Vera Caspary (1899 – 1987) was the author of such novels as The White Girl [1929], about a girl “passing” herself as white, and Bedelia [1945], that deconstructs a typical female role. In Laura, she produced a story where objectivity and subjectivity fuse, and where characters, while breaking stereotypes, are being ingeniously posed and manoeuvred as if pieces in a complicated game of chess. Laura is one punchy noir-mystery, which has been unfairly overshadowed by its cinematic counterpart.

This review was written as part of the Novellas in November reading challenge hosted by Cathy at 746 Books and Rebecca at Bookish Beck.

20 thoughts on “Review: Laura by Vera Caspary

  1. And who can forget Otto Preminger’s movie with Gene Tierney and a very young Vincent Price.
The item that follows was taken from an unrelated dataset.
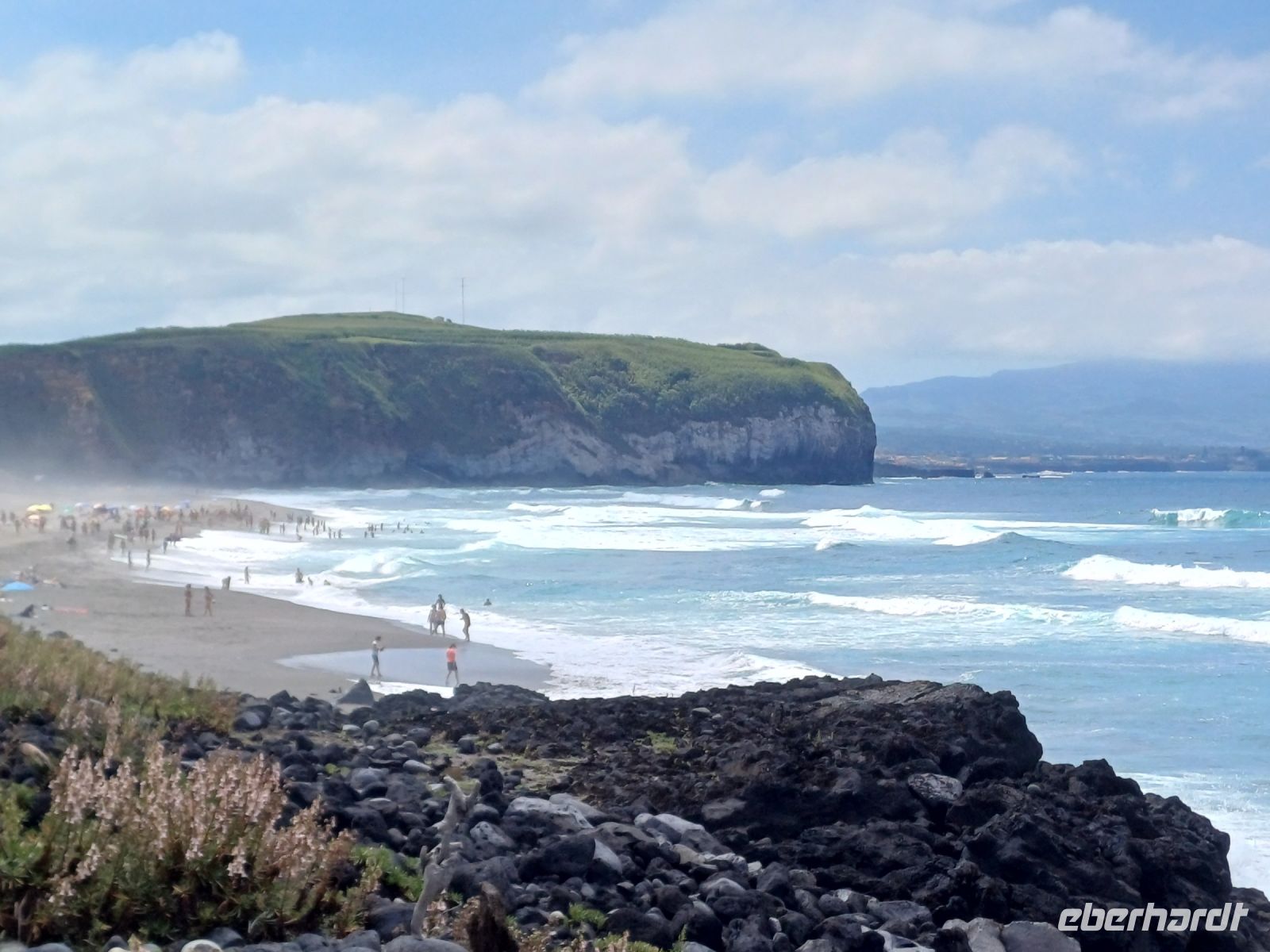 Am Nachmittag besichtigen wir den Norden der Insel, mit dem Ort Ribiera Grande. Zum Abschluss geht es zu einem dunklen tossenden Atlantikstrand, es wird eher ein Stehbad, man ist froh sich auf den Beinen halten zu können. Das Meer ist so stürmisch selbst eine Sonnenbrille wird von den Wellen fortgespült. Am Abend finden sich Grüppchen zum gemeinsamen Abendessen.

    I wasn’t aware of the book though and am excited to read it.

    Liked by 1 person

    1. Yes, I love Tierney in that role. One small warning is that something tells me that those who first saw the film and fell in love with it may not look so favourably at this novel, and vice versa. I happened to love the book first, so, naturally, I find all sorts of things that are “wrong” with the film, but the biggest one for me – after reading the novel – would always be the cast of Clifton Webb as Lydecker!

      Like

  2. “…can Laura’s character shed light on the mysteries of her life and death…”?

    Makes me think of the millions of young women for whom a similar aspiration did NOT result in death.
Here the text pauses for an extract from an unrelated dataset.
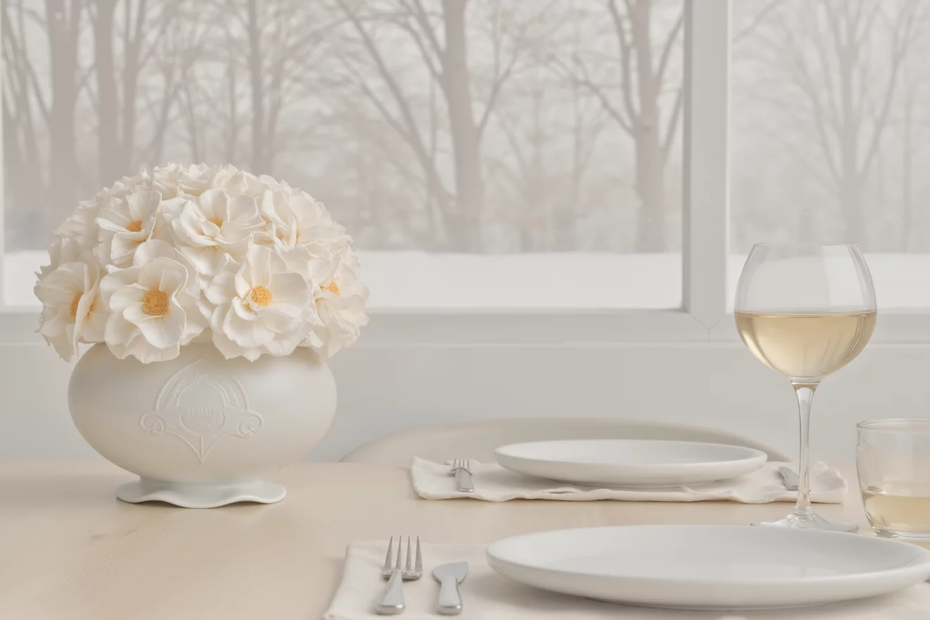 • White preserved hydrangeas in a scalloped vase, pure sophistication personified.

    Sometimes it seems ‘blame the victim’ time – when we know no one deserves to be murdered.

    I think I saw the movie – but it didn’t stick enough for me to remember what happened.

    Liked by 1 person

    1. You are right, but a hint here is that this novella is also written by an independent “career” woman and some of Caspary’s other books were praised for their “feminist achievements”, so perhaps only some things in the story did not age well, especially considering some secondary characters.

      Liked by 1 person

      1. I’m leaning more and more toward the FACT that the more complex the written work, the more of the author we get – because it can’t be hidden.

        Fiction is for pushing boundaries, I know. And real women get murdered all the time, for many reasons, so it is proper fodder for fiction. I wasn’t objecting to any of it, just wondering out loud.
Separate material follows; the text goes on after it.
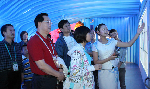 10月2日下午,山东省人大常委会原副主任邵桂芳一行访问世博会山东馆。邵桂芳一行来到山东馆,逐项仔细观看了展品展项的内容,兴致勃勃地在孔子像前留影,他还向馆内工作人员了解了山东馆的各项情况,对山东馆在世博窗口所起到的山东经济文化科技发展新风貌的展示作用与效果,表示赞许,并为山东馆签名题辞。 运营团体各部门成员陪同。

        As a writer, I have to keep an eye on these things. It’s good for self-awareness and reflection – and more fiction.

        Liked by 1 person

  3. I haven’t seen the film and your review has convinced me to add the book to my TBR wishlist. It sounds fascinating and it also sounds as though Caspary has caught the atmosphere of NYC well. The Manhattan morning fog and the ‘battles of wits’ over meals, make me quite nostalgic for my former home town.

    Liked by 1 person

  4. I’ve often wondered about this book, but hadn’t realised it was a novella, which makes it even more appealing. Love the film, and saw it again only recently. Mesmerising, and I can imagine that the novella must be too.

    Liked by 1 person

    1. Yes, my point was to bring attention to this book. Knowing how popular and well-known the film still is, I think the book is very under-read and even “forgotten”. I thought it was nuanced and have subtleties which the film could not possibly convey. That is what I often find in films based on books – they exaggerate and “overblow” characters and story events for a (visual) dramatic effect, whereas the novel is “freer” in that regard because our imagination is richer and we can set our own pace to a story, meaning we can savour each dialogue or description without any rush.

      Like

      1. The novel is usually best I think … which is not to say films can’t be great. Sometimes it’s best to read the book OR see the film but not do both? They are different forms, after all, so a film is never, really, going to capture the novel. My feeling is that whenever I’ve liked a film better it’s because the novel had flaws.